Purpose - Teradata Warehouse Miner

In-Database Analytic Functions User Guide

Product
Teradata Warehouse Miner
Release Number
5.4.4
Published
August 2017
Language
English (United States)
Last Update
2018-05-04
dita:mapPath
guj1484331868727.ditamap
dita:ditavalPath
ft:empty
dita:id
B035-2306
lifecycle
previous
Product Category
Teradata® Warehouse Miner

Linear Regression Scoring is the application of a Linear Regression model to an input table that contains the same independent variable columns contained in the model. The result is an output score table that minimally contains one or more key columns and an estimate of the dependent variable in the model. The user may also choose to perform model evaluation, either separately or in combination with scoring. When requested, a report is produced as a result data set containing the standard error of estimate as well as the minimum, maximum and average absolute error. When model evaluation is requested, the input table must contain a column representing the dependent variable in the model. When both scoring and evaluation are requested, the output table will automatically include the residual value, calculated as the difference between the original value and the predicted value of the dependent variable.

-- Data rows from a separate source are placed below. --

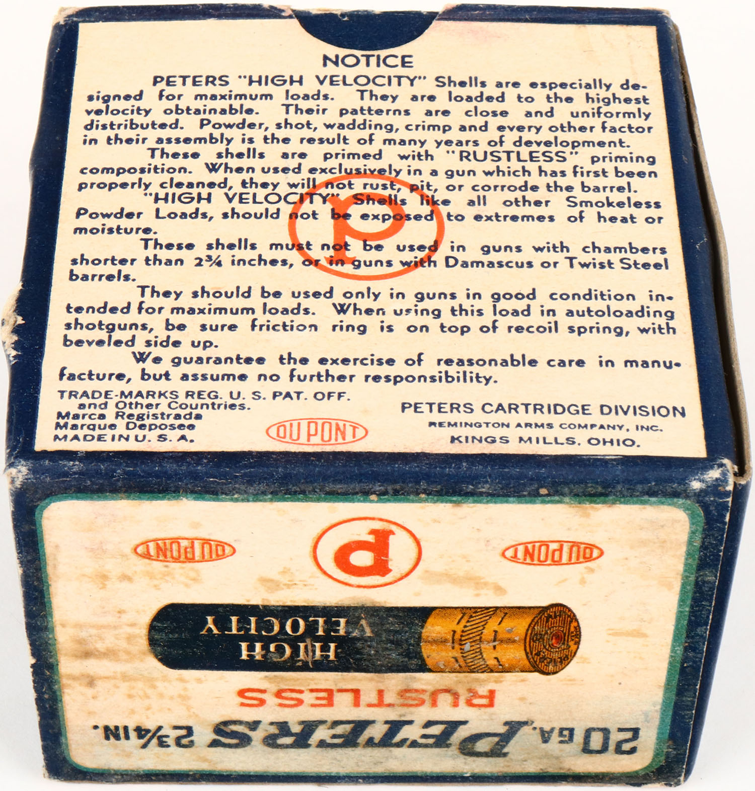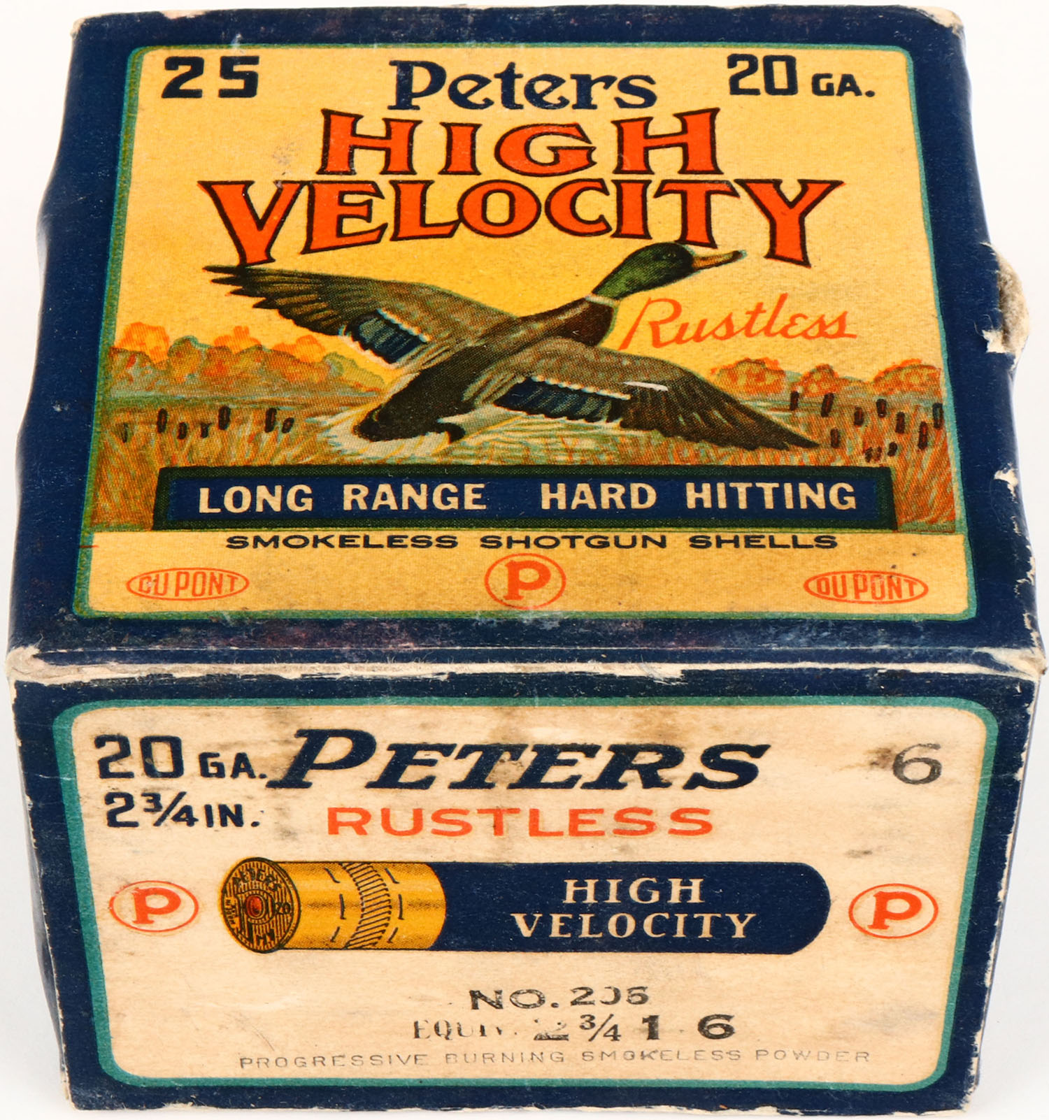 Peters Cart. Co., Kings Mills, OH, High Velocity, 20ga., 1pc., Full, shot size 6, multi colored box that pictures mallard flying out of the marsh grass, box is solid with light age soiling, shell protrusions, good color, shells are good. Grade: Very Good ++ - Value: 20 to 80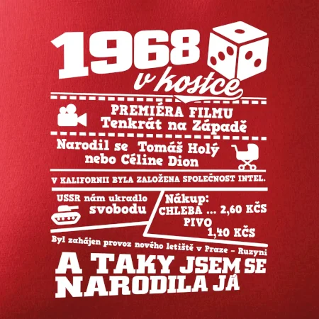 Narozeninové tričko pro ročník 1968. Sháníš originální dárek? Triko pro ročník 1968v kostce je ten nejlepší dárek, kterým jistě potěšíš. Kolik co stálo? Kdo byl prezident? Kdo se narodil? Všechno tohle a ještě mnohem víc najdeš na našem oslaveneckém triku!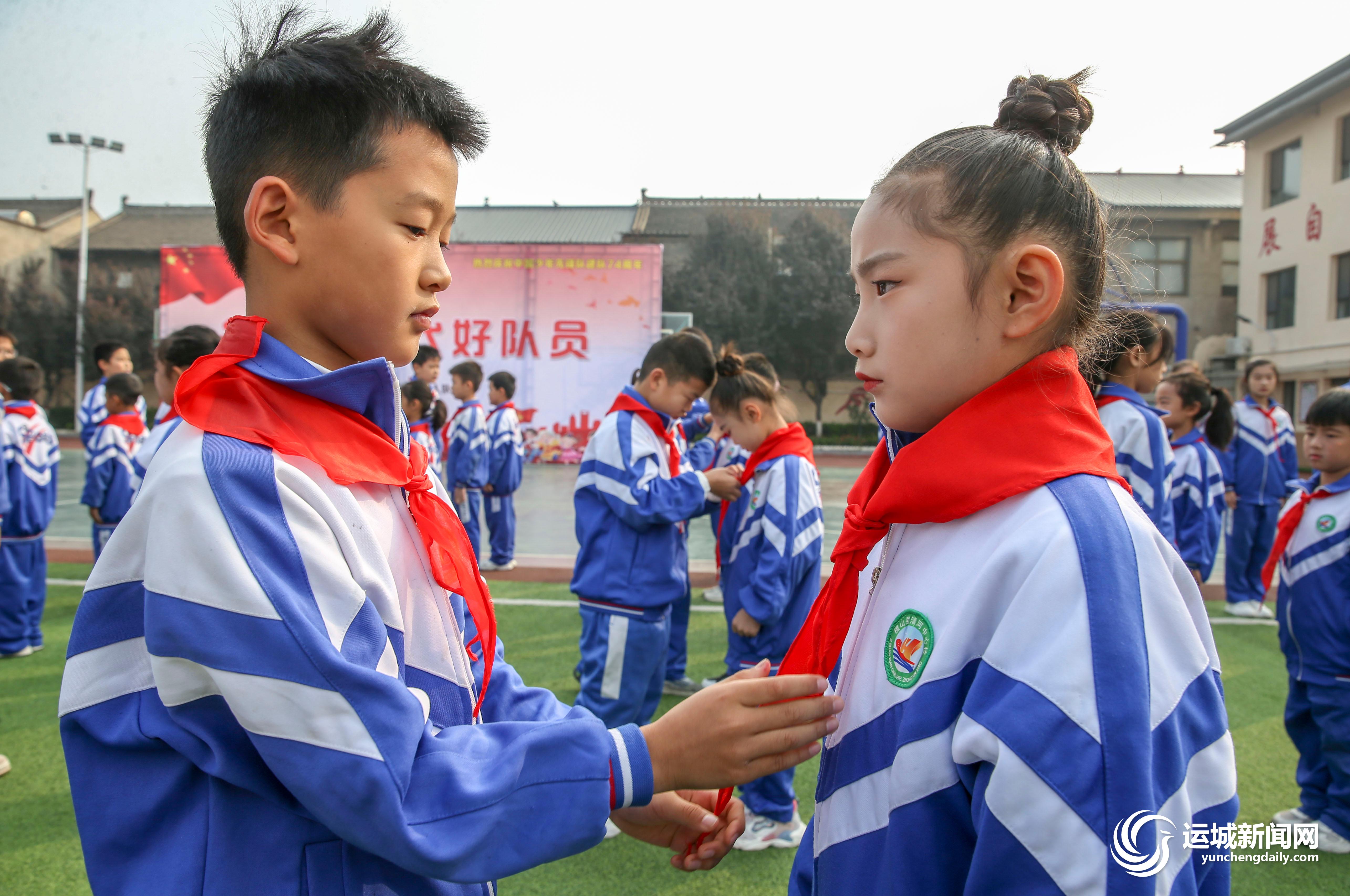 为庆祝中国少年先锋队建队74周年,引导队员继承和弘扬少先队光荣传统,10月13日,稷山县清河小学举行了“争做新时代好队员”新队员入队仪式。 星星火炬,代代相传;红旗一角,鲜艳荣光。当日,该校五年级少先队队员代表为新队员戴上鲜艳的红领巾,并互敬队礼,77名新队员正式加入中国少年先锋队。特约摄影 史云平

The residual value may also be requested when only scoring is performed.

The Linear Scoring chapter in Teradata Warehouse Miner User Guide, Volume 3—Analytic Functions, B035-2302, contains a description of the linear regression scoring included in Teradata Warehouse Miner. Linear regression scoring is also available as a stand-alone external stored procedure that can be executed directly in the Teradata database, independently of Teradata Warehouse Miner. It is the stand-alone version and its parameters that are described in this document. Some of the key features of this stand-alone version of linear scoring are outlined below.
  • If one or more group by columns are present in the input table to be scored and the model input table, each row in the input table to be scored is scored using the appropriate model in the model input table.
  • If an error such as “Constant columns detected” occurs for a particular combination of group by column values, the predicted value of the dependent column will be null for any row containing that combination of group by column values. The error message will also be placed in the column name in the model report.

To execute the stand-alone version of the linear regression algorithm or to score a model built by this algorithm the td_analyze stored procedure must be installed on the Teradata system, with appropriate permissions granted. Refer to In-Database Analytic Function Setup for instructions on how to install td_analyze.